They make this choice because it is easy and it is incremental. Adding “just a little more RAM” to an SQL database may sound like the right approach, may often work just fine in the truly early days, but soon becomes unmanageable as the figure of merit — speedup in batch job per dollar spent (aka price-performance) on RAM for the database  becomes lower and lower as data volumes increase. This becomes even more costly as the organization needs to scale up resources to just “keep the lights on” with such an infrastructure.

Scaling of web services is often handled by spawning additional web servers (also referred to as ‘horizontally scaling’), which is a fine solution for the shared-nothing architecture of a web application. This approach, when applied to critical analytic data infrastructure, leads to the “SQL database master-slave replication and sharding” scenario that is supported by so many DBAs in the enterprise today.

What About Hadoop?

Confronted with some of these problems, organizations will often start attending Big Data conferences and learn about Hadoop, a batch processing technology at the very tip of the Big Data spear. This leads either to a search for talent where organizations quickly realize that Hadoop engineers and sys admins are incredibly rare resources; or internal teams get pulled from existing projects to build the “Hadoop cluster”. These are exciting times for internal staff, until after a period of time where the organization has a functioning Hadoop cluster, albeit at a great internal operations cost and after many months of critical business delay. This Hadoop cluster may even work, happily calculating aggregate metrics from data collected in streams the prior day, and even at orders of magnitude faster than with the Traditional Approach above.

Organizations who arrive at this point in their adoption of Big Data infrastructure then uneasily settle into believing they’ve solved their streaming aggregation problem with a newfangled batch-processing system with Hadoop. But many folks in the organization will then realize that:

  • They are spending too much time on operations and not enough time on product or business needs as engineering struggles with educating the organization on how to use these new technologies it doesn’t understand.
  • They are still stuck solving a fundamentally real-time problem with a batch-solution.
  • Their sharded approach is only delaying the inevitable.

How Does Facebook, Twitter, Linkedin, etc. Do It?

Multiple Applications Streaming Data, Aggregated Queries, Real Time Dashboards

It’s not surprising that Hadoop is the first Big Data technology brought in by many organizations. Google and then Yahoo! set the stage. But what they didn’t tell you was that is “yesterday’s approach”. So how do webscale companies like Facebook and the like to things today?
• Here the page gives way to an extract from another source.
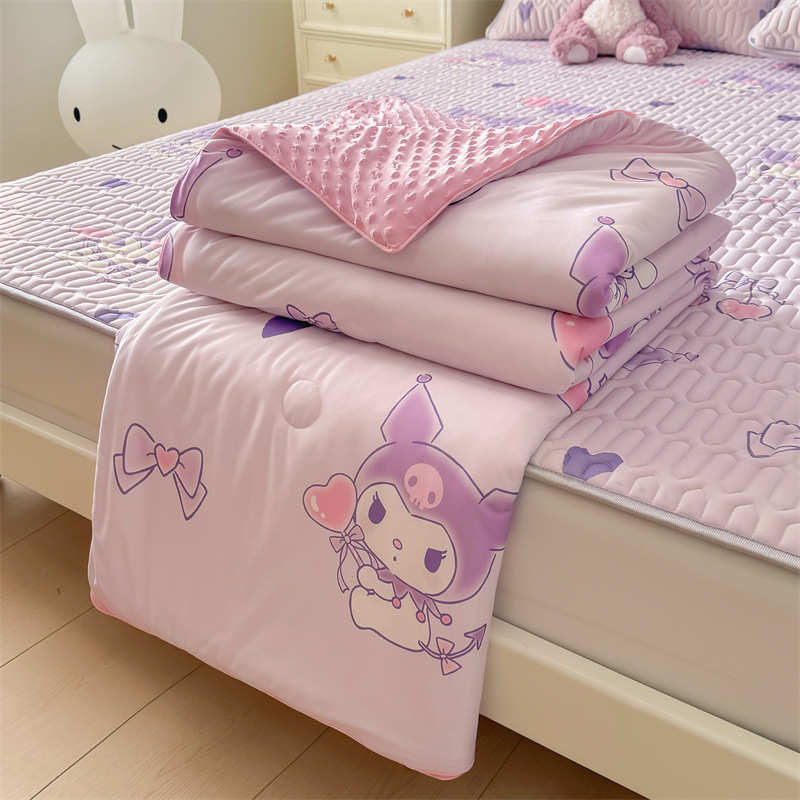 クラスA サンリオ漫画ラテックスマットサマーキルト4点セット クロミエアコンキルト ニットコットンアイスシルクビーンキルト

Yes, Hadoop is powerful and it’s been around longer than many other Big Data technologies, and it has great PR behind it. But Hadoop isn’t necessarily the (complete) answer to every Big Data problem.

The streaming aggregation problem is by its nature real-time.  An aggregation framework that works in real-time is the ideal solution.
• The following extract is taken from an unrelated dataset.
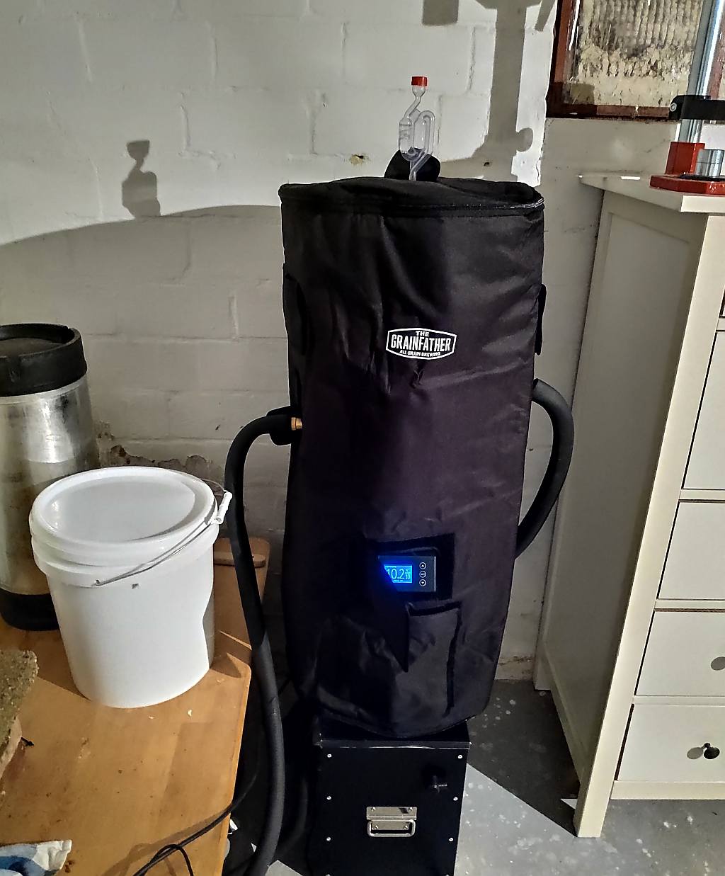Da für einen Kühlschrank kein Platz mehr ist, steht das 30l-Gärfass im 50l-Topf, der mit Wasser aufgefüllt wurde um die Temperaturträgheit zu erhöhen.

Infochimps Cloud::Streams provides this real-time aggregation because it is built on top of leading stream processing frameworks used by leaders TODAY.  Records can be ingested, processed, cleaned, joined, and — most importantly for all use cases — aggregated into time and field based bins in real-time: the bin for “this hour” or “this day” contain data from this second.

This approach is extremely powerful for solving the use cases defined above because:

  • Aggregated data is immediately available in downstream data stores and analysis (do you care to act on data now or hours, days, later?).
  • Raw data can be written to the same or a number of data stores for different kinds of processing to occur later. Not every data store is equal. You may need several to accommodate the organizations needs.
  • By NOT waiting for a batch job to complete means that data pipeline or analytics errors are IMMEDIATELY detected as they occur — and immediately recovered from — instead of potentially adding days of delay due to the failure of long-running batch jobs.
  • Ingestion and aggregation are decoupled from storing and serving historical data so applications are more robust.
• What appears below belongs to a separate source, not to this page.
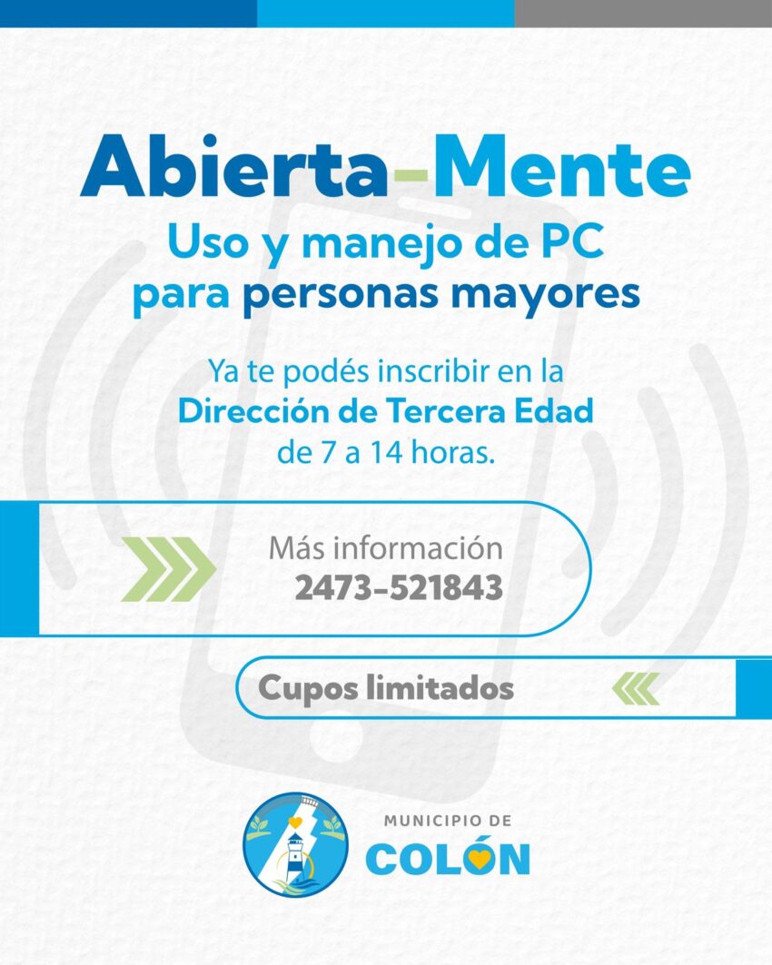 El Municipio de Colón invita a participar de “Abierta-Mente”, un espacio especialmente pensado para que personas mayores aprendan a utilizar la computadora de forma sencilla, práctica y con acompañamiento. La propuesta busca brindar herramientas para mejorar la comunicación, el acceso a la información y la autonomía digital.

Infochimps Cloud and its streaming services is more than just a point product: it’s a suite of data analytics services addressing your streaming, ad-hoc/interactive query, and batch analytics needs all in an integrated solution that you can take advantage of within 30 days. It is also offered as a private cloud service managed by dedicated support and operations engineers who are experts at Big Data.  This means you get all the benefits of Big Data technologies without having to bear the tremendous operations burden they incur.

What Comes Next?

We covered how Hadoop isn’t a good solution to the streaming aggregation problem but that doesn’t mean it isn’t useful.  On the contrary, long-term historical analysis of raw data collected by a streaming aggregation service is crucial to developing deeper insights than are available in real-time.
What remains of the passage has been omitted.